Task prompt: Only one span is wanted from the lines below: from the one with "Below are screenshots" up to and including the one with "第三步:復(fù)制刷機(jī)包到D盤的根目錄". Copy it exactly, without images.

Exercise data:
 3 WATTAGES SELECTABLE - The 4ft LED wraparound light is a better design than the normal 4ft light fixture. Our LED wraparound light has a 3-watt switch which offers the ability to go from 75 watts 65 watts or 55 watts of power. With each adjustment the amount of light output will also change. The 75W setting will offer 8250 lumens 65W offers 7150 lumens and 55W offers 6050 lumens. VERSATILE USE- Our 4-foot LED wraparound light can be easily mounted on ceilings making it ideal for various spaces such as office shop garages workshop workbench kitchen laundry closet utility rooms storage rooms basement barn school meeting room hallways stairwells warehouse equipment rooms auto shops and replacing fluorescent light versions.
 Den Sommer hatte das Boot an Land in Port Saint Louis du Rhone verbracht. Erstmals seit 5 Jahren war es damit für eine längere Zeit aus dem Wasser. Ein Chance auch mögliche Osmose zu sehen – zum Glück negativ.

...

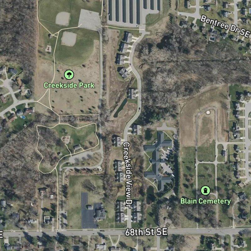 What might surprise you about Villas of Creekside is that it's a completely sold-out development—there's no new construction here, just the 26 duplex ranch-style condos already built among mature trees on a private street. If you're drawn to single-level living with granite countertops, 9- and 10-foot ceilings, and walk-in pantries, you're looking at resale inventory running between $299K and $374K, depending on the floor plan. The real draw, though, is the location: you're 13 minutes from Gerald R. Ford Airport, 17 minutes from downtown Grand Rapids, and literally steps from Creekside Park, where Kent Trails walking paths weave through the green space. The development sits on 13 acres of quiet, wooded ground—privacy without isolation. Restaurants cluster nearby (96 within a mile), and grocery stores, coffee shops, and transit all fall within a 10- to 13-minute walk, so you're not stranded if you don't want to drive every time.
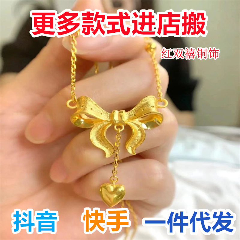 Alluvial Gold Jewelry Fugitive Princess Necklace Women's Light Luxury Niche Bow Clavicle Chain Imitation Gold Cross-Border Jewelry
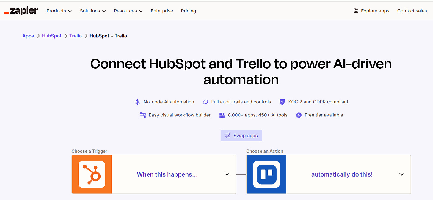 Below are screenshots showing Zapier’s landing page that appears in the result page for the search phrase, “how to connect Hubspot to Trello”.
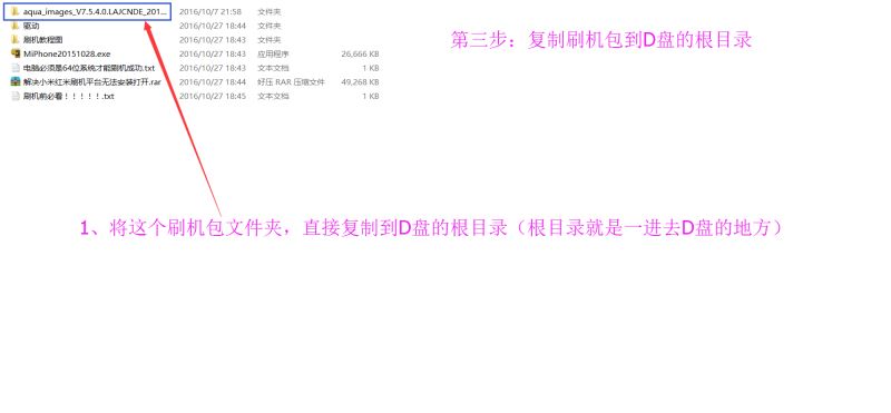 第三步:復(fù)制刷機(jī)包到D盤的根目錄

Task solution:
 Below are screenshots showing Zapier’s landing page that appears in the result page for the search phrase, “how to connect Hubspot to Trello”.
 第三步:復(fù)制刷機(jī)包到D盤的根目錄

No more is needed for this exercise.